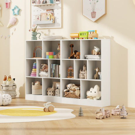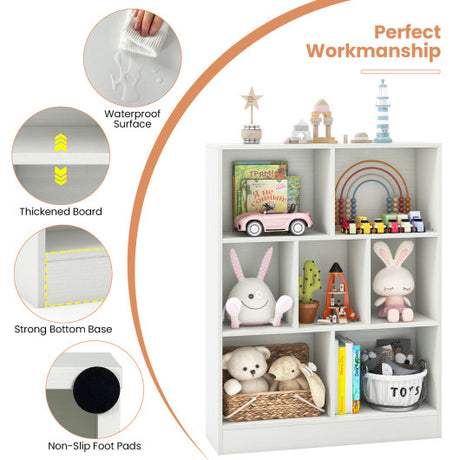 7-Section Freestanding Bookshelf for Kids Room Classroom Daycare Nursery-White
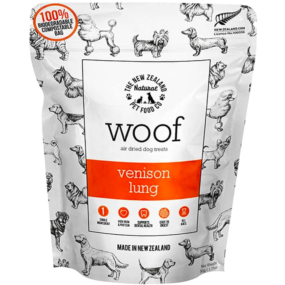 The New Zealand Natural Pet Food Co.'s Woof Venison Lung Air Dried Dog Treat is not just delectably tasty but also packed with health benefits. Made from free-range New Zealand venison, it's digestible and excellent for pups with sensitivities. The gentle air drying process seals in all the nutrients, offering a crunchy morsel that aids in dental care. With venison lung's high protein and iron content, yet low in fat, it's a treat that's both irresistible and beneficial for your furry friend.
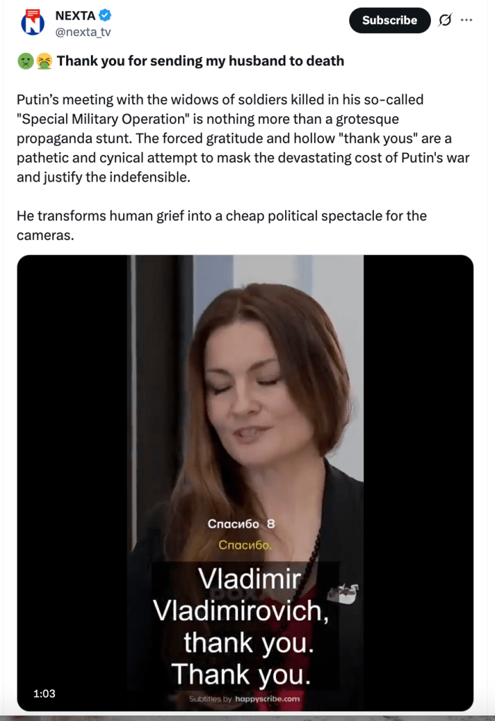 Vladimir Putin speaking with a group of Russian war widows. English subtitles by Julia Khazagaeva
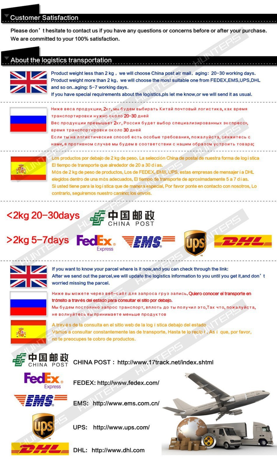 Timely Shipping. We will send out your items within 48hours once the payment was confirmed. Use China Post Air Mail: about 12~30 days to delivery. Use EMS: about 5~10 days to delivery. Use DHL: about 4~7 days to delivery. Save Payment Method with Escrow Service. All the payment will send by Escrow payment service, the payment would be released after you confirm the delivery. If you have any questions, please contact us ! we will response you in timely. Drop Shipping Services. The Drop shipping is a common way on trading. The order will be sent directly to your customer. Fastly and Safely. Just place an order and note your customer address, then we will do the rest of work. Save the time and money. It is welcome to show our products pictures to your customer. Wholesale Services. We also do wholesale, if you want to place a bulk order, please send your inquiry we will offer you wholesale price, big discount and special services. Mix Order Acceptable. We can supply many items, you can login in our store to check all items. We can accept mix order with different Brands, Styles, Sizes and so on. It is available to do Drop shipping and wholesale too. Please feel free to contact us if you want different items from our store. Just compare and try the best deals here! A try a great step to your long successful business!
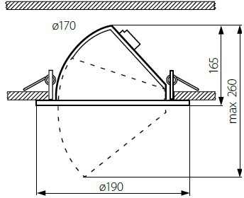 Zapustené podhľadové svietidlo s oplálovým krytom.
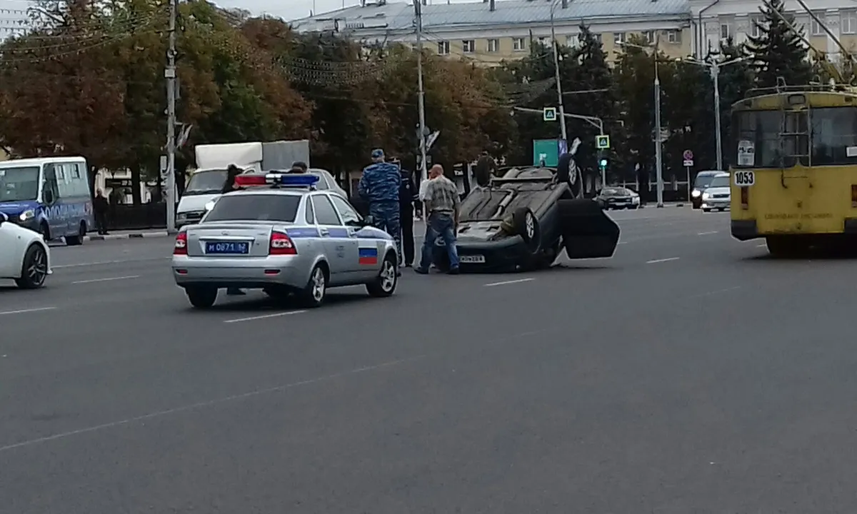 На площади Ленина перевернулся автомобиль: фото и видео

++++++

If a record contains a picture, omit the picture and repeat everything else exactly.

 7-Section Freestanding Bookshelf for Kids Room Classroom Daycare Nursery-White
 The New Zealand Natural Pet Food Co.'s Woof Venison Lung Air Dried Dog Treat is not just delectably tasty but also packed with health benefits. Made from free-range New Zealand venison, it's digestible and excellent for pups with sensitivities. The gentle air drying process seals in all the nutrients, offering a crunchy morsel that aids in dental care. With venison lung's high protein and iron content, yet low in fat, it's a treat that's both irresistible and beneficial for your furry friend.
 Vladimir Putin speaking with a group of Russian war widows. English subtitles by Julia Khazagaeva
 Timely Shipping. We will send out your items within 48hours once the payment was confirmed. Use China Post Air Mail: about 12~30 days to delivery. Use EMS: about 5~10 days to delivery. Use DHL: about 4~7 days to delivery. Save Payment Method with Escrow Service. All the payment will send by Escrow payment service, the payment would be released after you confirm the delivery. If you have any questions, please contact us ! we will response you in timely. Drop Shipping Services. The Drop shipping is a common way on trading. The order will be sent directly to your customer. Fastly and Safely. Just place an order and note your customer address, then we will do the rest of work. Save the time and money. It is welcome to show our products pictures to your customer. Wholesale Services. We also do wholesale, if you want to place a bulk order, please send your inquiry we will offer you wholesale price, big discount and special services. Mix Order Acceptable. We can supply many items, you can login in our store to check all items. We can accept mix order with different Brands, Styles, Sizes and so on. It is available to do Drop shipping and wholesale too. Please feel free to contact us if you want different items from our store. Just compare and try the best deals here! A try a great step to your long successful business!
 Zapustené podhľadové svietidlo s oplálovým krytom.
 На площади Ленина перевернулся автомобиль: фото и видео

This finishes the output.